▶ [Work to be completed]: Return, with both end lines included, exactly what the data below holds from the line with "공유기와 셋톱박스의 순서로 전원을 껏다 켜주세요." through the line with "當(dāng)日,咸寧市咸安", though not the pictures.

▶ [Data shown]:
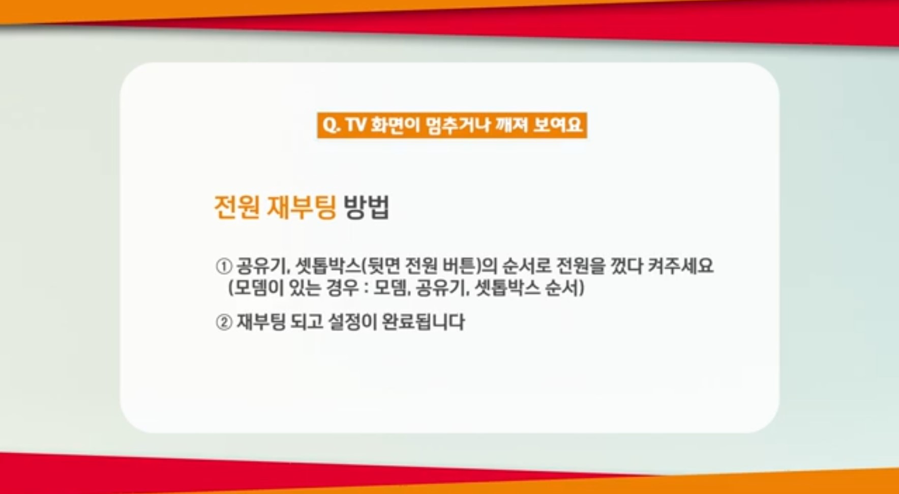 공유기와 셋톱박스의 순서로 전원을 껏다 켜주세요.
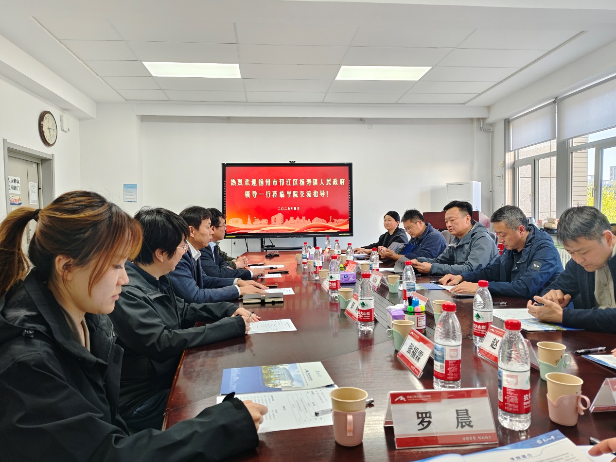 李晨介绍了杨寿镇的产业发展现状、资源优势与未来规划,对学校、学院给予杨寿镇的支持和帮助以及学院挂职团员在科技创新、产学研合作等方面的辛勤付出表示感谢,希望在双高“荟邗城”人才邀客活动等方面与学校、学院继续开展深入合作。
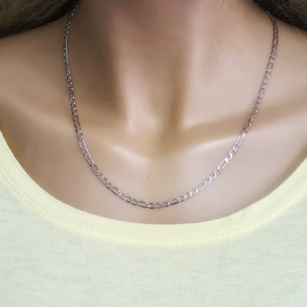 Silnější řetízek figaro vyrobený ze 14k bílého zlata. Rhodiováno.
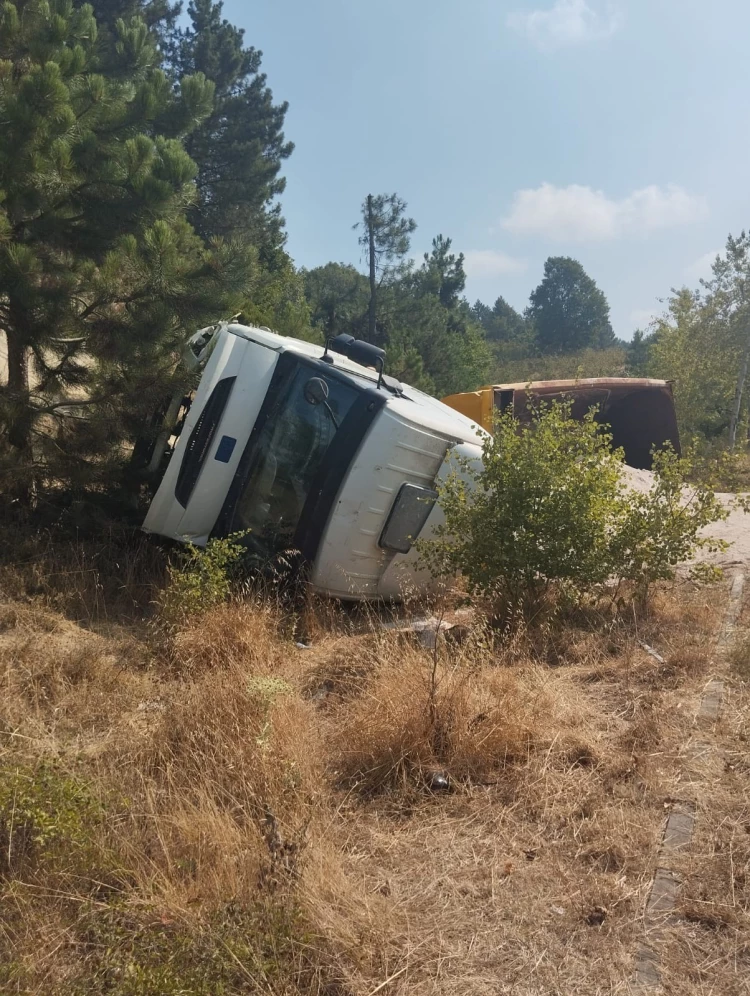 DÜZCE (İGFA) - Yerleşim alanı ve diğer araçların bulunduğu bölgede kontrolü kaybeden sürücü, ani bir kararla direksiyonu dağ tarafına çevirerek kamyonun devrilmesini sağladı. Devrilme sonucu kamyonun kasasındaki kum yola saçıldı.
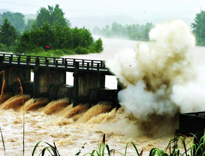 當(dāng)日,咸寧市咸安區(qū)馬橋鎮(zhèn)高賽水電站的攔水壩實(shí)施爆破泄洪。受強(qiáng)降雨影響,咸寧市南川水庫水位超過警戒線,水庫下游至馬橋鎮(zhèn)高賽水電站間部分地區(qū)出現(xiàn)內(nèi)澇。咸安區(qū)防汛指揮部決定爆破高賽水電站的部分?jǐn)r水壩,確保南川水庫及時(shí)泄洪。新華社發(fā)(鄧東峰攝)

---

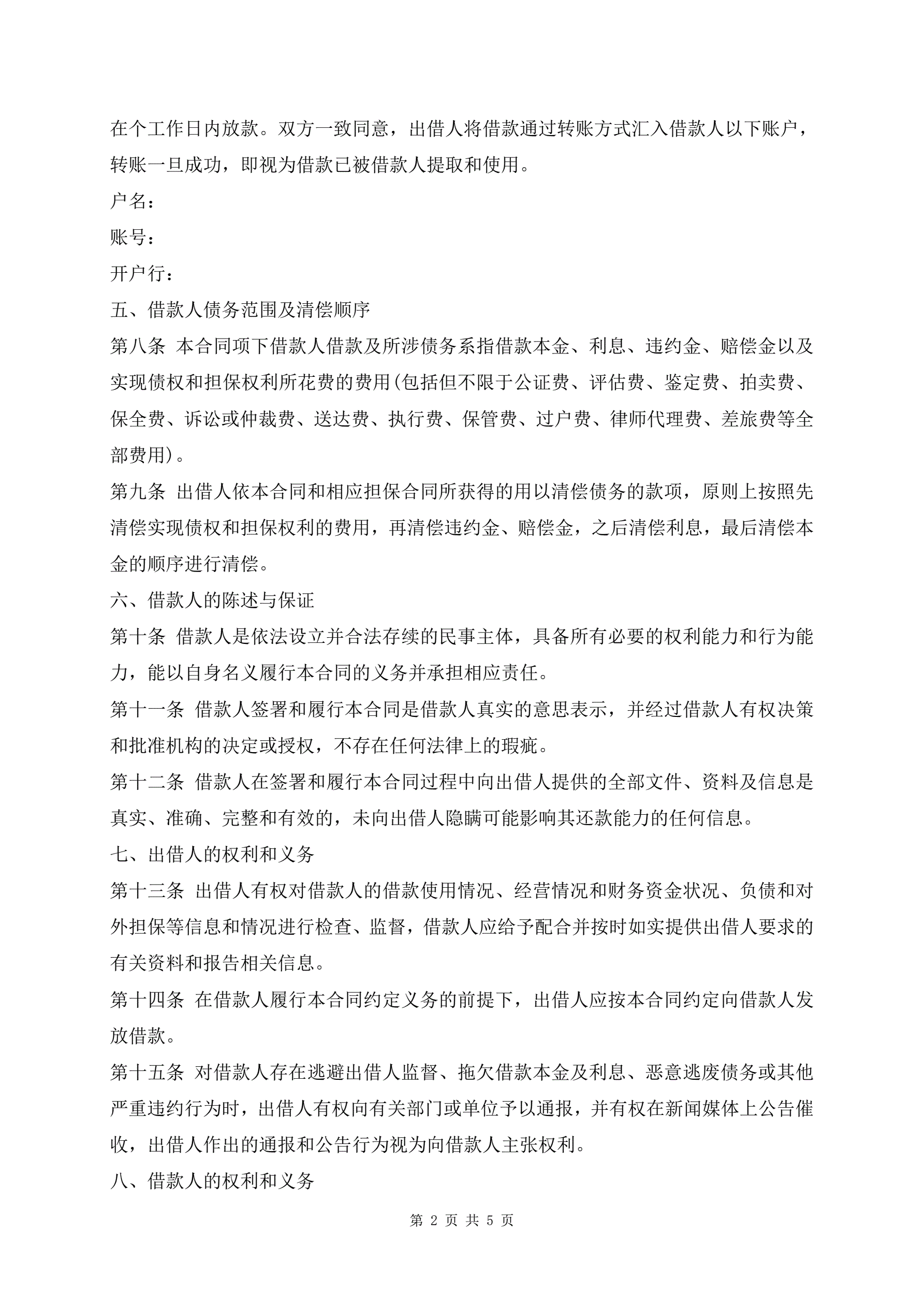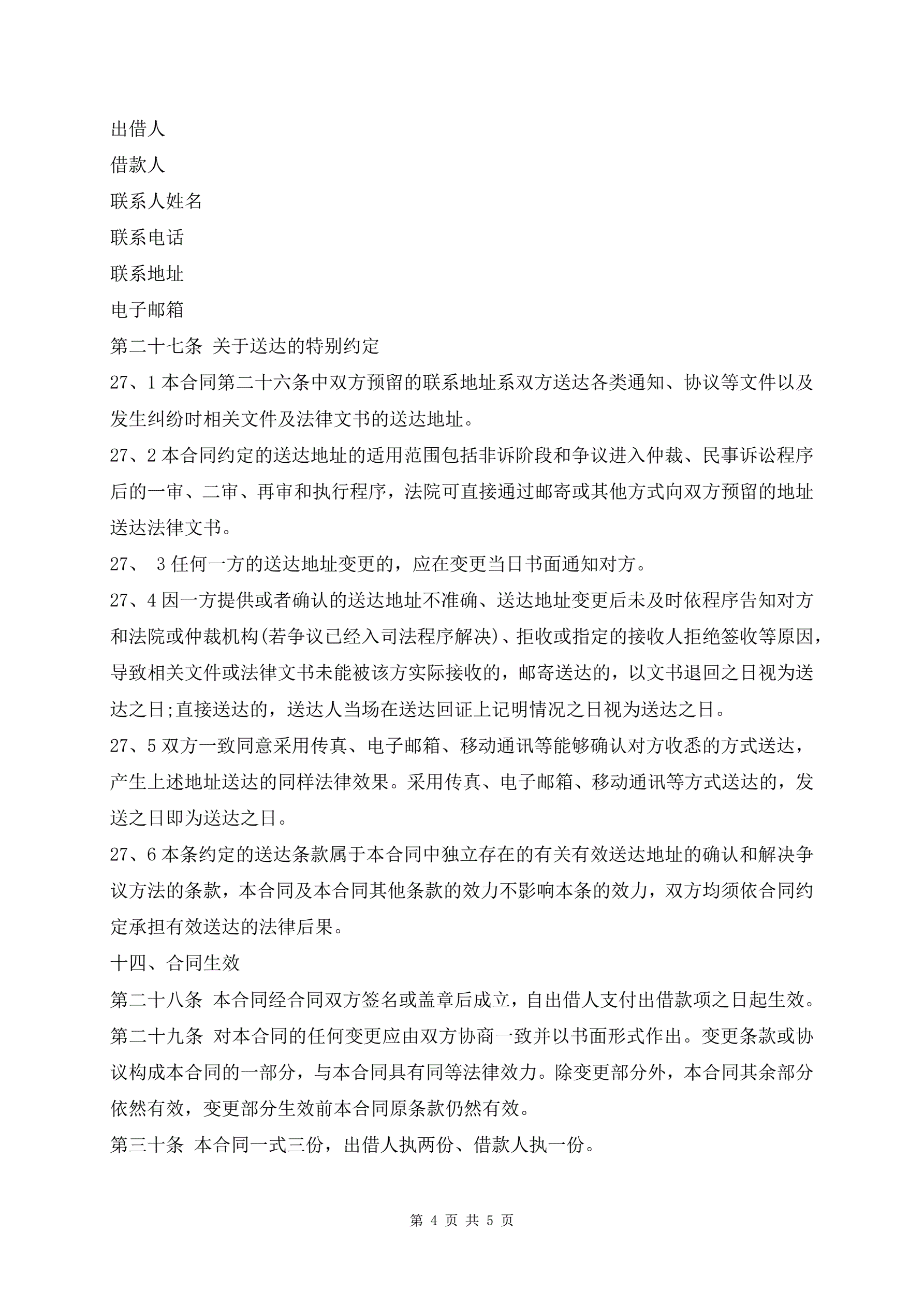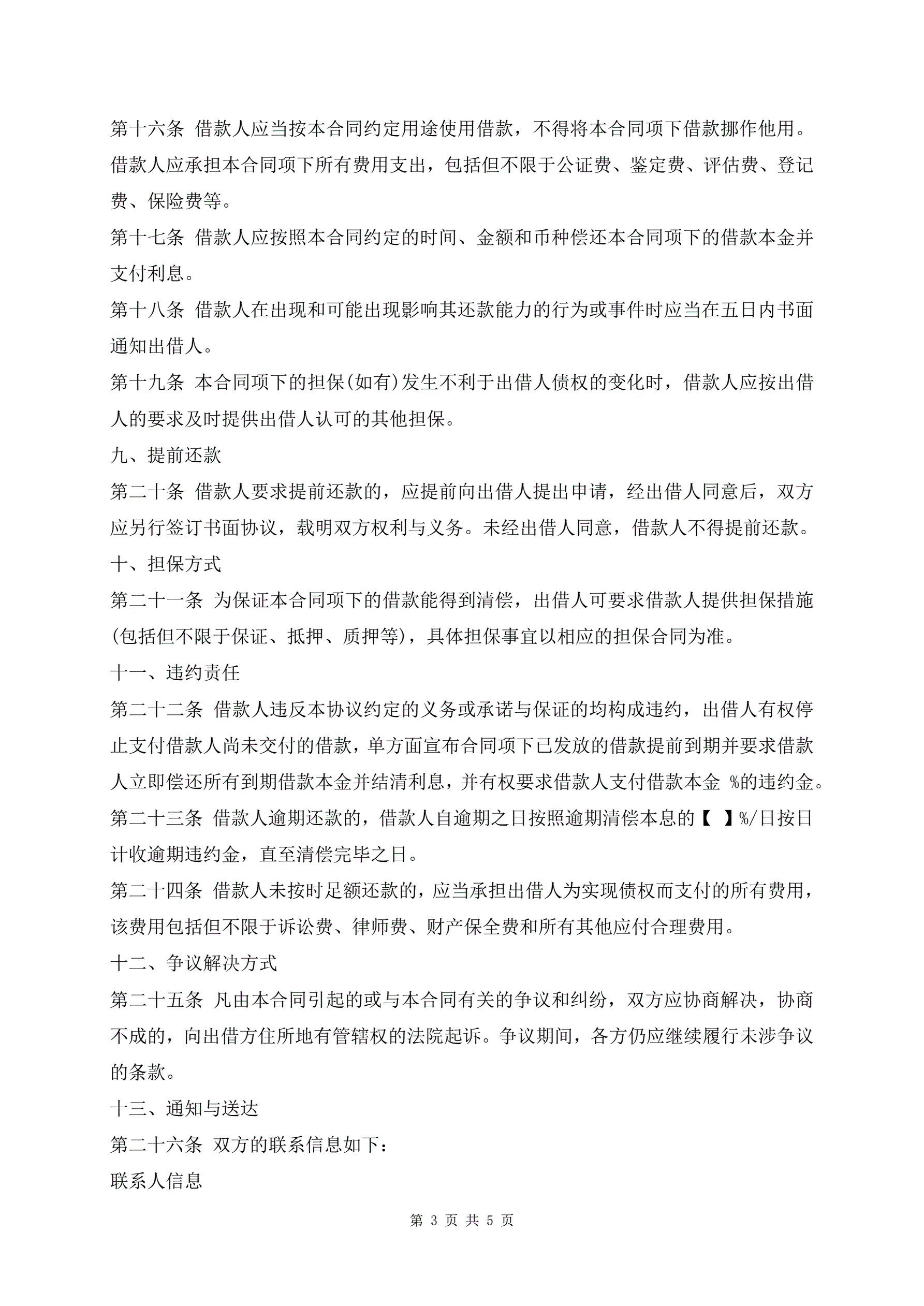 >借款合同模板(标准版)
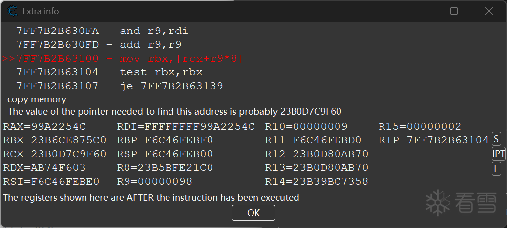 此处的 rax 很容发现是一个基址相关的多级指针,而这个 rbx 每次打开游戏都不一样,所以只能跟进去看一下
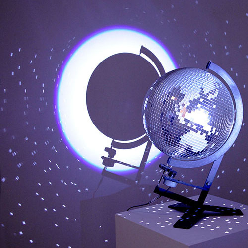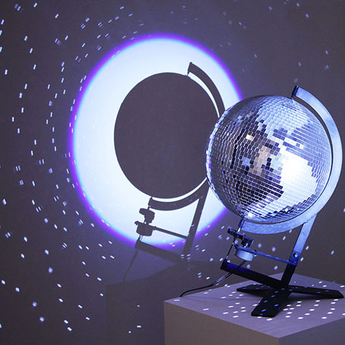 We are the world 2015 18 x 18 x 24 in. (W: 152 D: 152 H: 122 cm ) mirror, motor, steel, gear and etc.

▶ [Task response]:
 공유기와 셋톱박스의 순서로 전원을 껏다 켜주세요.
 李晨介绍了杨寿镇的产业发展现状、资源优势与未来规划,对学校、学院给予杨寿镇的支持和帮助以及学院挂职团员在科技创新、产学研合作等方面的辛勤付出表示感谢,希望在双高“荟邗城”人才邀客活动等方面与学校、学院继续开展深入合作。
 Silnější řetízek figaro vyrobený ze 14k bílého zlata. Rhodiováno.
 DÜZCE (İGFA) - Yerleşim alanı ve diğer araçların bulunduğu bölgede kontrolü kaybeden sürücü, ani bir kararla direksiyonu dağ tarafına çevirerek kamyonun devrilmesini sağladı. Devrilme sonucu kamyonun kasasındaki kum yola saçıldı.
 當(dāng)日,咸寧市咸安區(qū)馬橋鎮(zhèn)高賽水電站的攔水壩實(shí)施爆破泄洪。受強(qiáng)降雨影響,咸寧市南川水庫水位超過警戒線,水庫下游至馬橋鎮(zhèn)高賽水電站間部分地區(qū)出現(xiàn)內(nèi)澇。咸安區(qū)防汛指揮部決定爆破高賽水電站的部分?jǐn)r水壩,確保南川水庫及時(shí)泄洪。新華社發(fā)(鄧東峰攝)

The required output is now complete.